La negativa de la víctima hizo que sufriera al menos dos agresiones -una el martes en su lugar de trabajo y otra al día siguiente frente a su casa- a manos supuestamente de los inquilinos del poblado del matadero y que le amenazaran con 'matarnos o secuestrar a alguno de mis hijos si no accedíamos a dar el dinero'.

'Impuesto revolucionario'

El operario recuerda que ya abonó el 'impuesto revolucionario' al patriarca durante su primera estancia en el municipio hace dos años, cuando 'me dijo que le diera los cinco euros diarios por el trabajo que me había buscado'. Poco después regresó a su país 'porque no podía pagar ese dinero' y, ahora, después de volver sin su ayuda, 'resulta que me vuelve a exigir lo mismo como si fuera el jefe del pueblo cuando él vive muy bien sin trabajar ni hacer nada'.

Los agentes de la Policía Judicial de la Benemérita de Tordesillas investigan ahora la denuncia interpuesta por el trabajador rumano sin que hasta el momento hayan practicado detenciones. Una patrulla, eso sí, estuvo ayer en el municipio identificando a algunos ocupantes del poblado y vigilando la casa de la víctima.

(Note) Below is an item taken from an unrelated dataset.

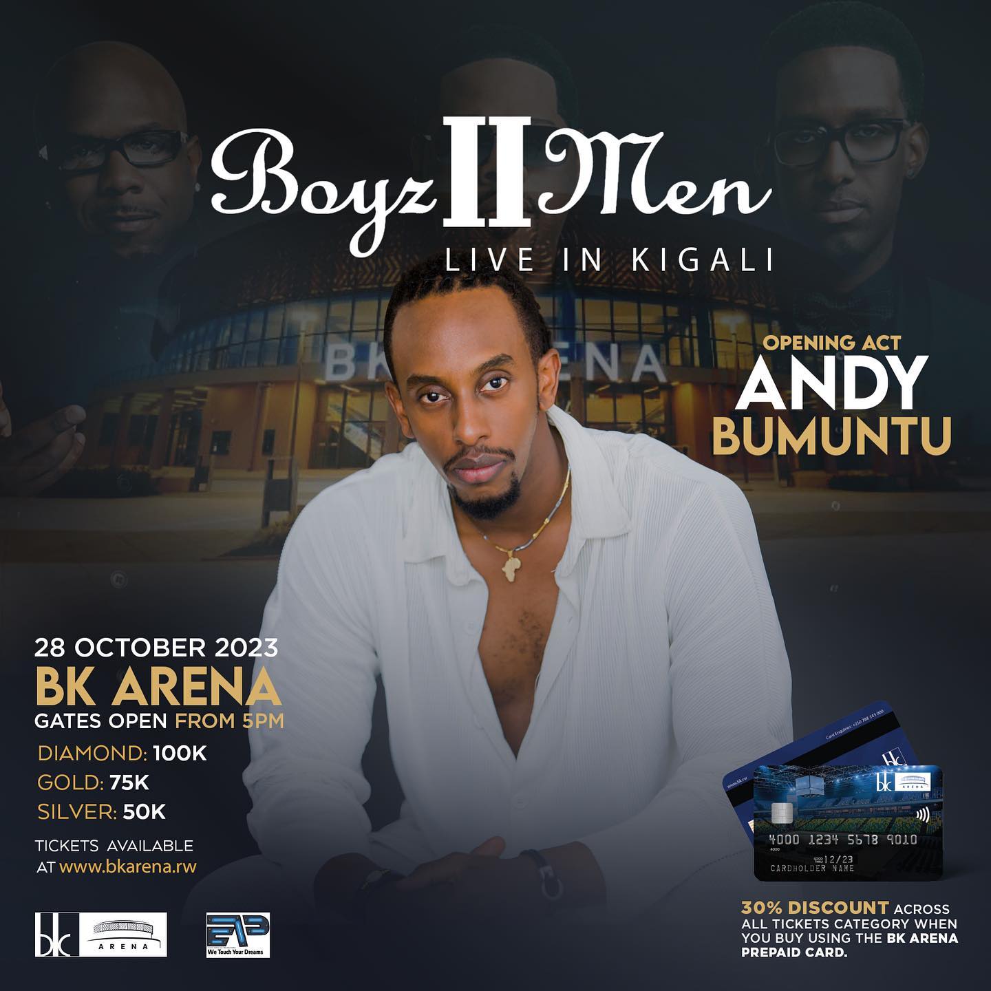 Andy Bumuntu azaririmba afungura ku mugaragaro iki gitaramo gikosha mu bijyanye n’ibiciro byo kucyinjiramo. Ibiciro byo kwinjira muri iki gitaramo cya Boyz II Men byashyizwe mu byiciro bitatu: Itike yiswe 'Diamond' iragura ibihumbi 100Frw, itike yiswe 'Gold' iragura 75,000Frw n’aho itike yiswe 'Silver' igura 50,000 Frw.
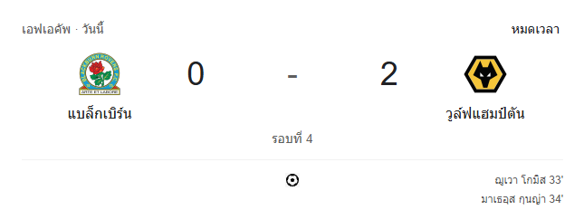 - นาทีที่ 49 กรรมการเป่านกหวีดจบครึ่งแรก แบล็คเบิร์น โรเวอร์ส 0-2 วูล์ฟแฮมป์ตัน

El subdelegado del Gobierno, Cecilio Vadillo, confirma que 'la Guardia Civil está indagando sobre lo sucedido' y recordó que 'los ciudadanos rumanos pueden circular libremente por la Unión Europea con los únicos requisitos de pedir un certificado especial si permanecen más de tres meses dentro del país y un permiso de trabajo si les ofrecen algún contrato laboral'.

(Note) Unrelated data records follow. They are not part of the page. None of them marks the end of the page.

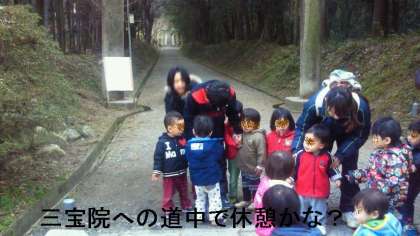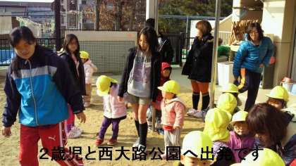 0歳児は園庭遊び,1歳児は三宝院へ,2歳児は西大路公園に,3歳児は折戸公園に,4歳児は園内で凧つくり,そして,今年入学してくれる5歳児は三宝院へ,それぞれ,担当の児童が一緒に出かけたり,遊んだりして交流しました。
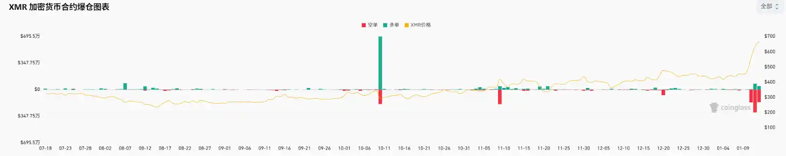 在现货方面,XMR 近期的成交量随着行情上涨虽有所提升,但也基本维持在数千万美元到 2 亿美元的区间,并没有出现特别夸张的增量。回顾历史,真正且显著的现货交易量高点还是在 11 月 10 日创造的 4.1 亿美元。这意味着,近期这一轮翻倍行情中,现货交易(或者说中心化交易平台内的现货买盘)并不是最大推手。
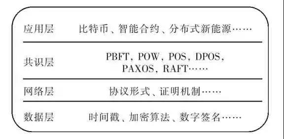 區(qū)塊鏈技術所具有的多方維護特性使得其在各個行業(yè)領域得到了廣泛應用,有助于打破信息數據壁壘,推動顛覆性業(yè)務整合。區(qū)塊鏈層次架構如圖1 所示,主要包含數據層、網絡層、共識層、應用層[9]。其中,數據層通過加密算法和數字簽名等手段對數據進行處理,以區(qū)塊形式進行數據信息存儲。網絡層使區(qū)塊鏈中各個節(jié)點通過網絡通信協議進行約定,以及對數據傳輸的真實性、合法性進行驗證。共識層基于以POW 機制為代表的共識機制來確保數據的正確性和系統(tǒng)的可用性,共識機制的算法決定了該區(qū)塊鏈系統(tǒng)的整體復雜度以及相應的信息傳輸速度。在應用層,基于智能合約的可編程性特點,可以在許多領域及產業(yè)獲得相關應用,且合約具有的自動判斷特性可以免除第三方的監(jiān)督。
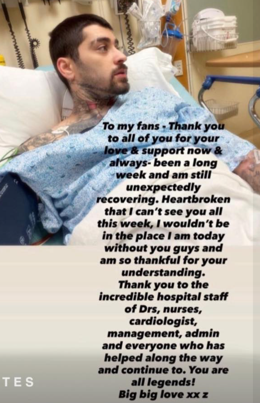 Sám Zayn situáciu opísal veľmi otvorene. "Bol to dlhý týždeň a stále sa z toho zotavujem," napísal fanúšikom, čím potvrdil, že problémy trvajú už niekoľko dní. Zároveň priznal aj sklamanie z toho, že musí rušiť plány: "Je mi veľmi ľúto, že vás tento týždeň nemôžem vidieť." Spevák pritom nešpecifikoval, čo presne ho do nemocnice dostalo. Isté však je, že kvôli zdravotnému stavu zrušil viacero vystúpení a stretnutí s fanúšikmi. Tie sa mali konať v USA aj vo Veľkej Británii, no momentálne nie je jasné, kedy ich nahradí.
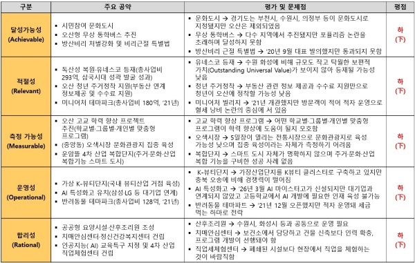평가방법은 국가정보전략연구소(국정연)가 개발한 ‘오곡(五穀)밸리혁신(5G Valley Innovation)-선거공약(ARMOR)’ 평가 모델을 적용했다.
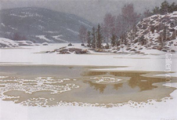 Gustaf Fjaestad's Blidvader - Vinterlandskap Med Vattendrag (1899) is a mesmerizing ode to Sweden’s frost-laden beauty, epitomizing the National Romanticism movement. The painting captures a snow-clad stream winding through dense evergreen woods, where delicate ice crystals cling to branches and sunlight filters through in muted silver tones. Fjaestad’s meticulous brushwork renders each frozen ripple and pine needle with near-scientific precision, yet the scene exudes serenity—a harmony between nature’s quiet resilience and winter’s ephemeral grace. As a pioneer of "snow romanticism," Fjaestad elevated Scandinavian winter landscapes into symbols of national identity, bridging 19th-century realism and Art Nouveau’s decorative elegance. Today, this masterpiece remains iconic for its poetic realism and technical mastery, often likened to Monet’s Ice Floes but steeped in Nordic mystique.
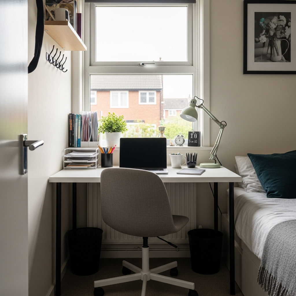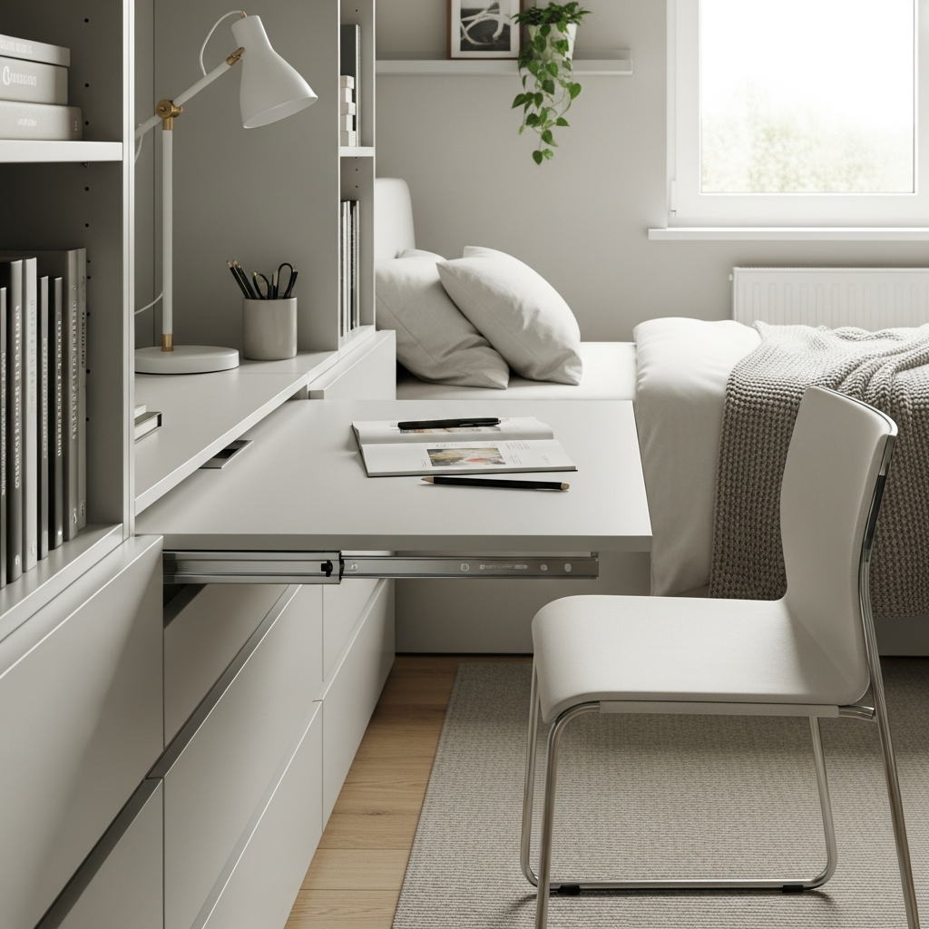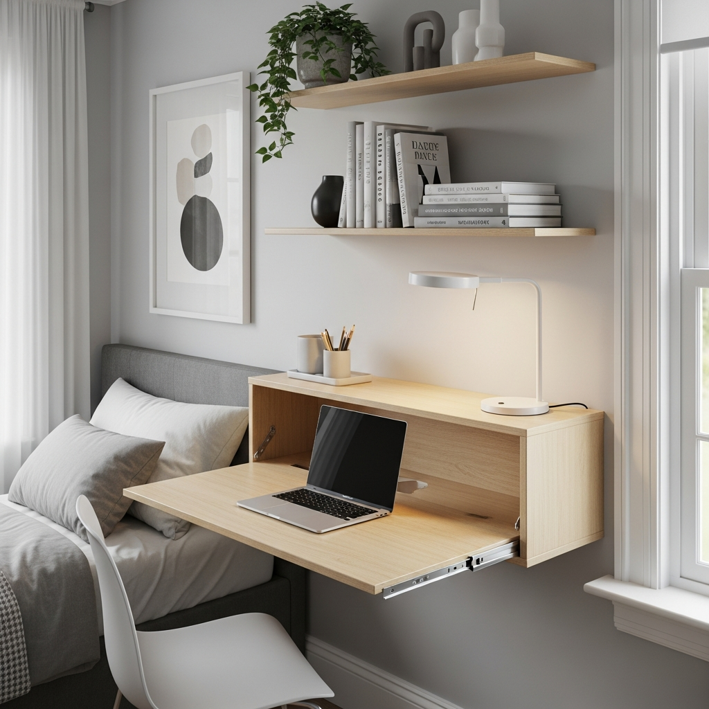 Materials & textures: Wood or laminate for the desk surface, often with hidden shelves or compartments. A simple folding chair or stool can be stored nearby.
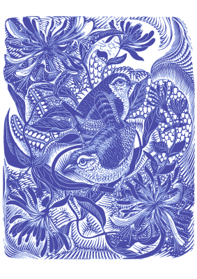 Vintage birds in forest (blur effect).
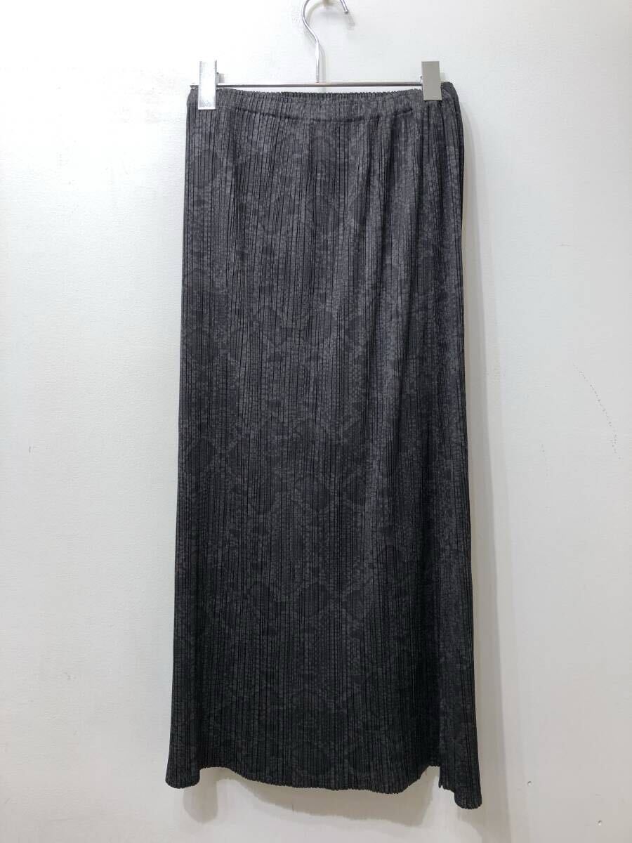 637☆PLEATS PLEASE プリーツプリーズ☆イッセイミヤケ☆ヘビ柄ロングスカート【3】黒
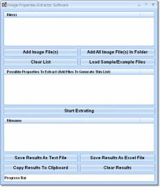 Keywords: png image property extract, extract jpeg file properties, camera model, date taken, extract dimensions from multiple pictures, photo data extraction, image metadata getter, image information harvest, pull, pull out, data, get metadata from pics This software offers a solution for users who want to extract image property data from one or more PNG, JPG, TIF, BMP and GIF files. The software allows choice of properties for extraction. The user simply adds image file/s or an entire folder for processing and the software displays a list of available properties. Using check boxes, the user selects the required properties before starting the extraction. The resulting data can be saved as a text or Excel file or copied to the clipboard for pasting. Sample images are included with the software as an aid to new users. Using this time saving software, extracting property data from large numbers of files takes just one click.

Vadillo, sin embargo, animó a las víctimas a denunciar situaciones como la que se está investigando en La Seca y matizó que las competencias sobre la existencia del poblado recaen sobre la Junta, en cuanto a la situación higiénico-sanitaria, y sobre el Ayuntamiento, al estar asentado sobre suelo de su titularidad.

El portavoz del Ejecutivo prometió que los agentes, al menos, 'estarán atentos para evitar nuevos incidentes'. Lo mismo desea el alcalde, Damián Recio. Este aclaró que está 'dispuesto a ayudar a las personas que demuestren que son honradas para que puedan vivir en buenas condiciones'.

Los antecedentes de otros asentamientos, como el de Ventosa de la Cuesta (2005) o Puente Duero (2006), demuestran que solo la intervención policial fue efectiva para desmantelarlos. El problema, sin embargo, solamente se mudó de sitio.